You should concatenate each matching pair of records and write the
concatenated records into the heap file filename3.
You will need to use the following classes, which are given:
HeapFile, Scan, StatHashFile and StatHashFileScan. You will call
StatHashFile
methods to build a static hash file index for the inner heap file S.
Then you
scan the outer heap
file R; for each tuple in the outer heap file R, retrieve the matching
tuples in S by scanning the hash file on the inner heap file S.
You can ignore the value of the input parameter in_type.
The parameter s is a return parameter. If all goes well,
the constructor will finish and return s==OK. If an error
occurs,
you should exit the constructor and return an error code in s.
The index_nested_loop destructor should destroy the static hash
index
that you created for S, in addition to the usual clean up of local and
temporary state.
Notes on Some of the Functions You Will Use
- HeapFile::insertRecord(char* recPtr, int recLen, RID&
outRid) inserts the record of length recLen pointed to
by recPtr into the heap file and passes back the newly
allocated RID of the record in outRid.
- HeapFile::getRecord(const RID& rid, char* recPtr,
int& recLen) takes in a RID, rid, and passes back
the record associated with rid in the character array pointed
to by recPtr. It
also passes back the length of the record in recLen. The
caller is responsible for allocating memory for recPtr.
- Scan::getNext(RID& rid, char* recPtr, int& recLen)

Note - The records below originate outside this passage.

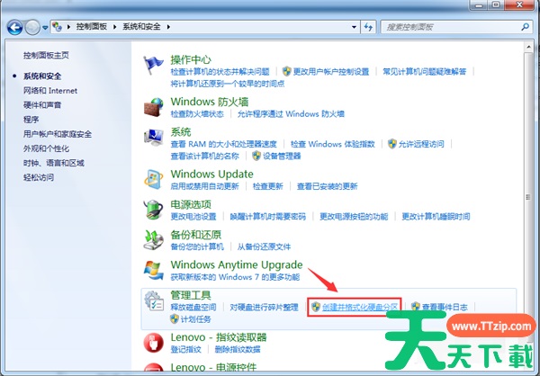 方法二:1、也可以通过控制面板-系统和安全,然后点击“创建并格式化硬盘分区”。
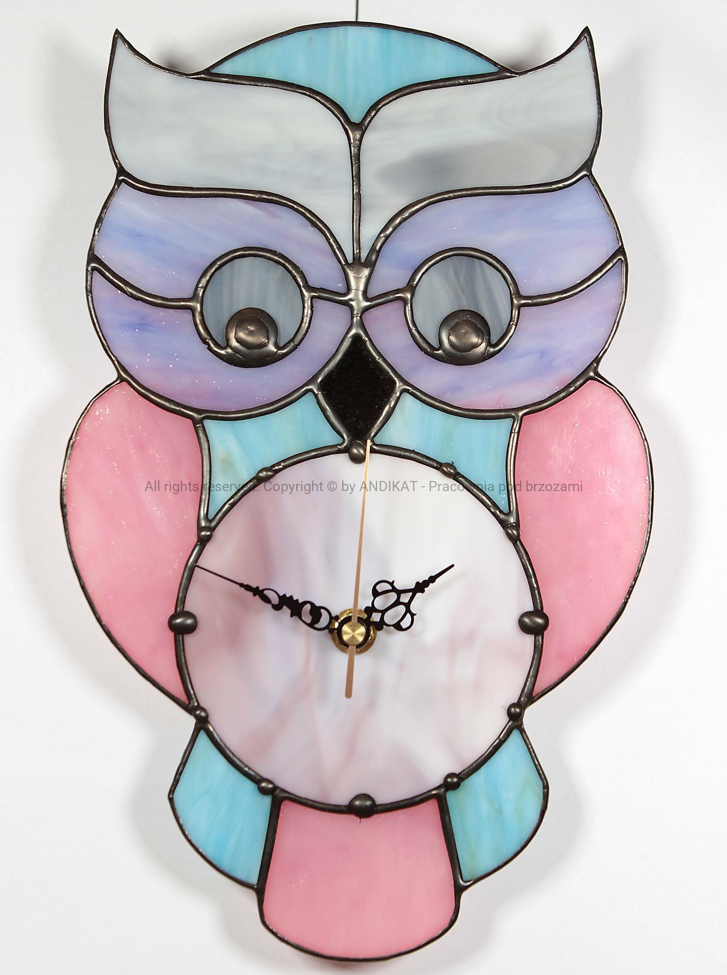 Piękny i oryginalny zegar wiszący, który pasuje do każdego wnętrza. Zegar wpisany w postać sowy - symbolu mądrości. Wykonany ręcznie, według własnego projektu, z opalowego szkła witrażowego w technice tiffany. Posiada bardzo cichy mechanizm z płynącym sekundnikiem. Na zamówienie można uzgodnić kolorystykę szkła.
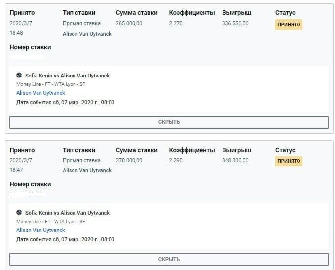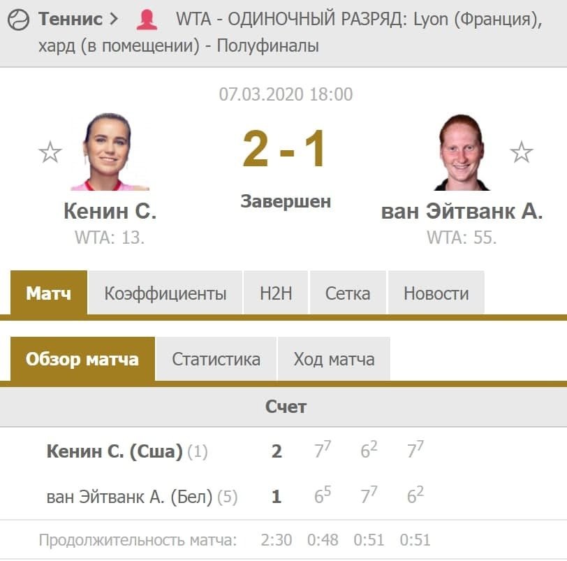 В один момент дело у нас снова дошло до седьмого шага, сумма ставки уже более чем солидная — чуть больше 500 000 рублей. Моим предложением было снова сыграть накатом на два события с меньшими коэффициентами, но партнёр настоял на классическом подходе. В итоге поставили на победу Алисон Ван Эйтванк в полуфинале турнира WTA во Франции. Играла она против Софии Кенин.

retrieves the next record in a sequential scan of a heap file. Passes
back the RID of the next record in rid, copies the actual
record into the array pointed to by recPtr, and passes back
the length of
the record in recLen. The caller is responsible for
allocating memory
for recPtr.
- StaticHashFile::insert(const void* key, const RID rid)
inserts the
pair (key,rid) into a static hash file.
- StaticHashFile::new_scan(const void* lo_key, const void*
hi_key)
creates a StaticHashFileScan object to retrieve RIDs from a
static hash file
and returns a pointer to this object. De-allocating this object is the
responsibility of the caller.
- IndexFileScan::get_next(RID& rid, void* keyptr)
retrieves the next (key,rid) pair from an index file scan.
Passes back the RID in rid and the key in the memory area
pointed to by keyptr . Allocating memory for keyptr
is the responsibility of the caller. For this assignment, the index
file scan we will be using is a StaticHashFileScan .
Error Reporting in the Code
As in previous project assignments, you should follow the
Minibase Error Protocol . The subsystem code for the
index_nested_loop class is JOINS.
Handing in Your Code
Use hsp to hand in the entire directory containing your code. Do not
submit the individual files, but rather submit the directory as a
whole. For
example, if I am sitting in the directory above proj3, I would execute
the following command:
hsp musicant CS347 proj3
Good luck!